ASSIGNED TASK: Exclude the pictures, then quote exactly the lines from the one holding "Digital Sheet Music" through the last line of the records.

(Dataset excerpts)
%%

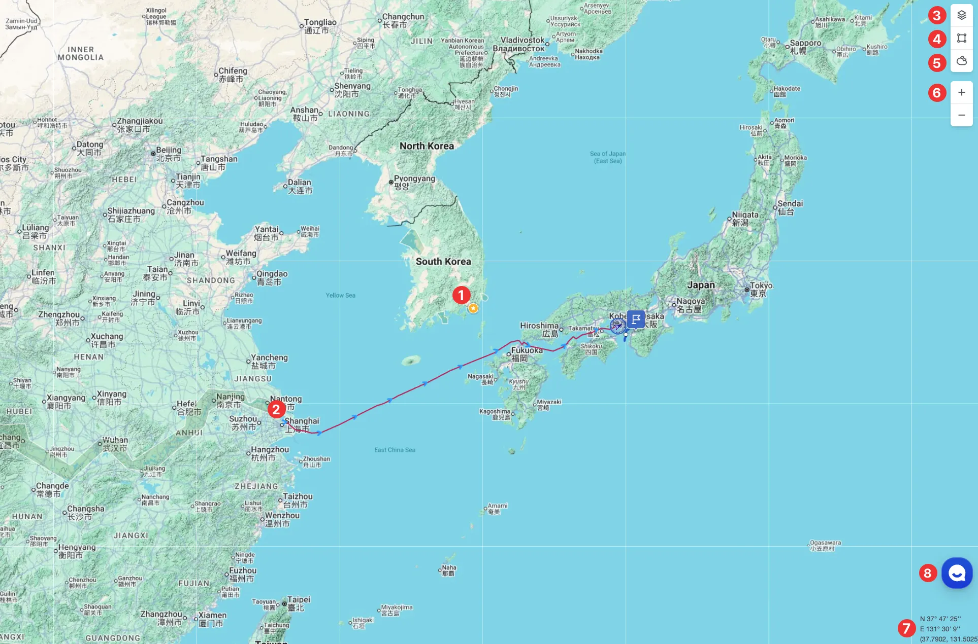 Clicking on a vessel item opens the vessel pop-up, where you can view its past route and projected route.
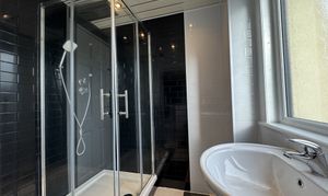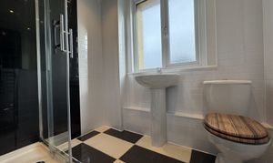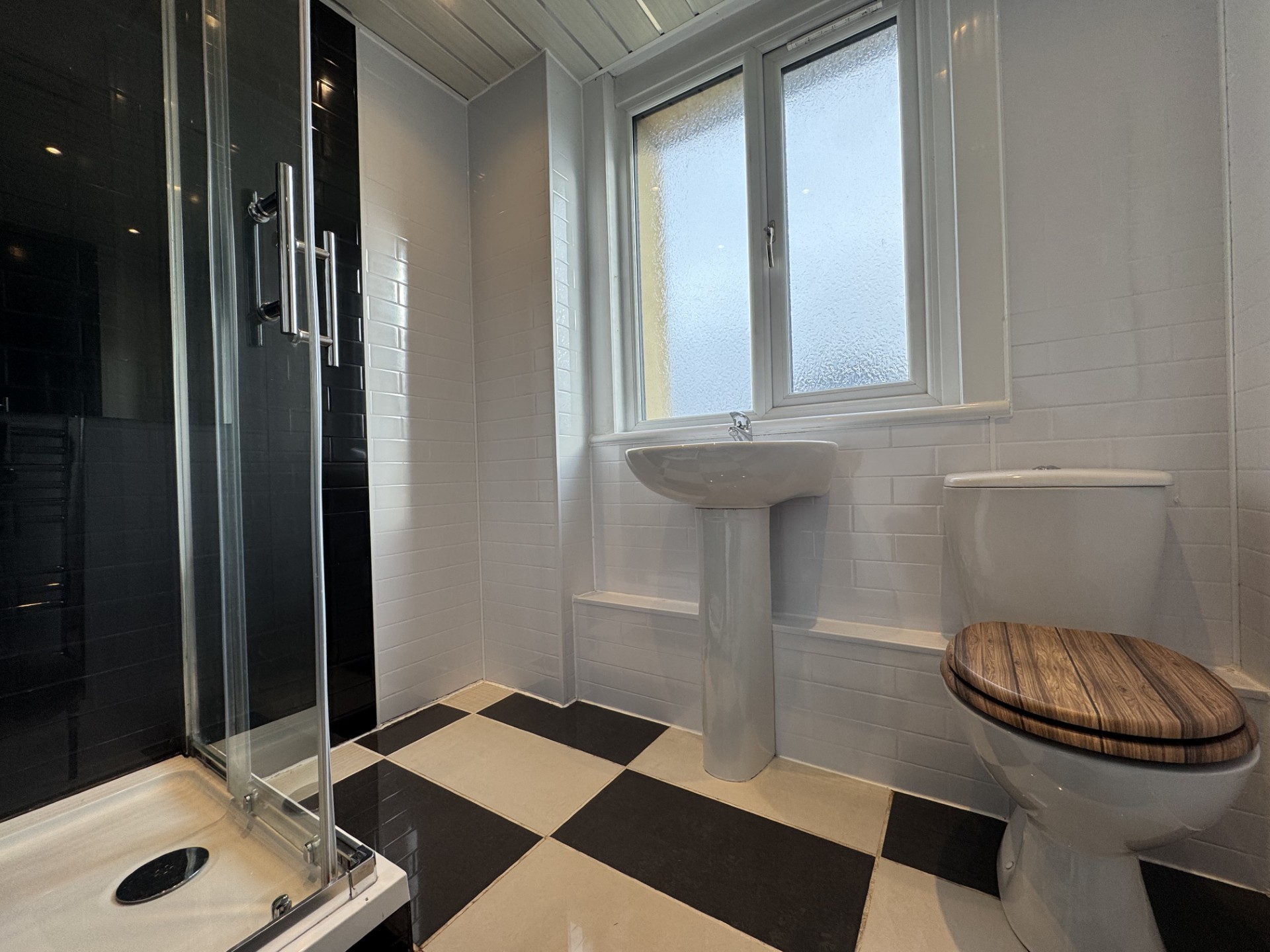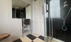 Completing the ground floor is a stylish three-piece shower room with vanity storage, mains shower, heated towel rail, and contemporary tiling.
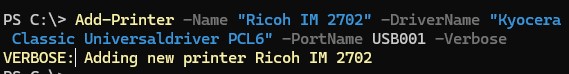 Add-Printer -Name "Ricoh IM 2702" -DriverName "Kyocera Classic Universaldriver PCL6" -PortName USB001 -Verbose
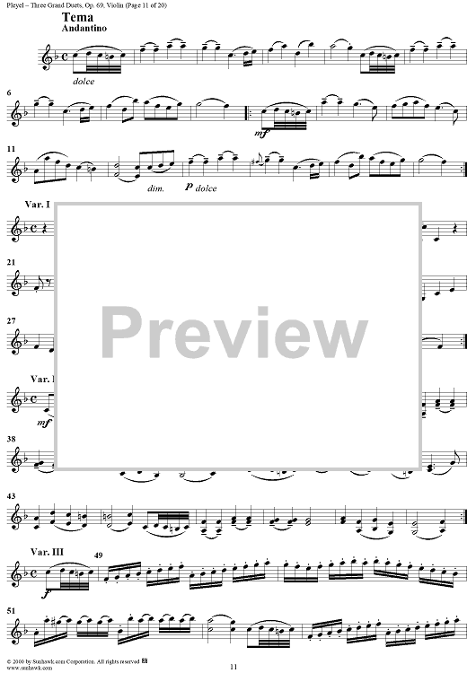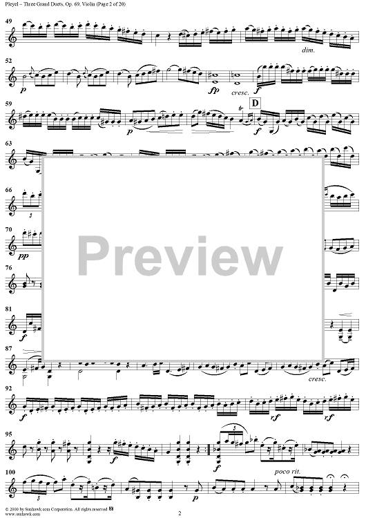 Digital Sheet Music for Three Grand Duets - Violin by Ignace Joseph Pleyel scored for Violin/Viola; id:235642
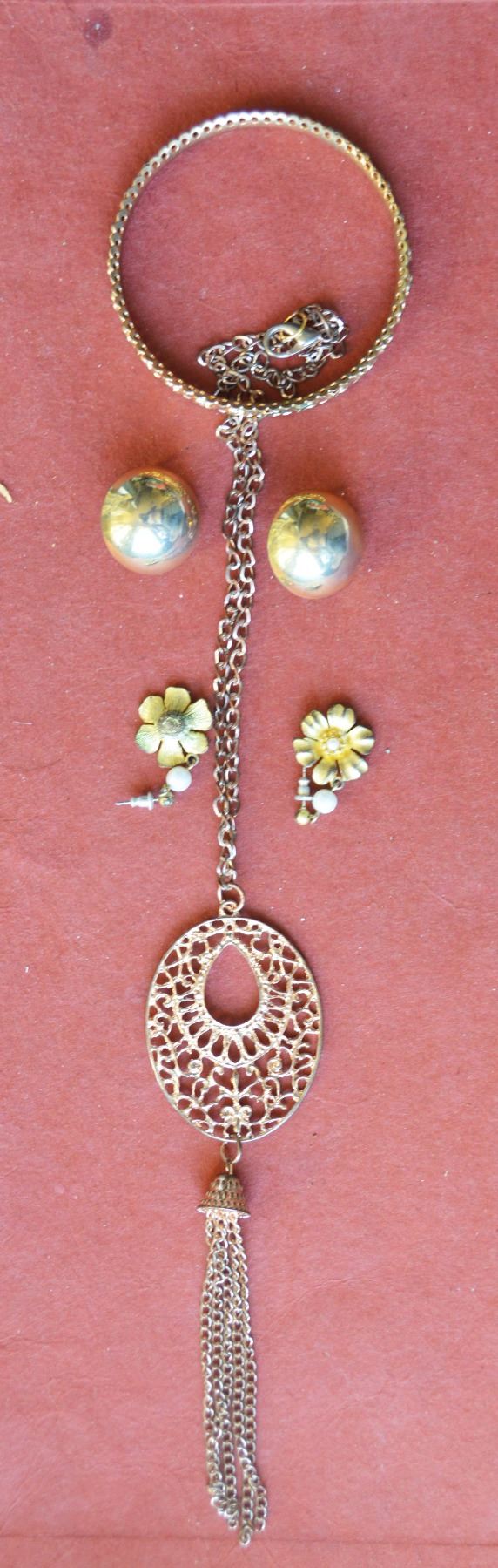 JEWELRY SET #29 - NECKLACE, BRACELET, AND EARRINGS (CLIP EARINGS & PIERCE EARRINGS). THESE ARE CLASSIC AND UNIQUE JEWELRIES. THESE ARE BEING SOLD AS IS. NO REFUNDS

%%

WRITTEN REPLY:
 Digital Sheet Music for Three Grand Duets - Violin by Ignace Joseph Pleyel scored for Violin/Viola; id:235642
 JEWELRY SET #29 - NECKLACE, BRACELET, AND EARRINGS (CLIP EARINGS & PIERCE EARRINGS). THESE ARE CLASSIC AND UNIQUE JEWELRIES. THESE ARE BEING SOLD AS IS. NO REFUNDS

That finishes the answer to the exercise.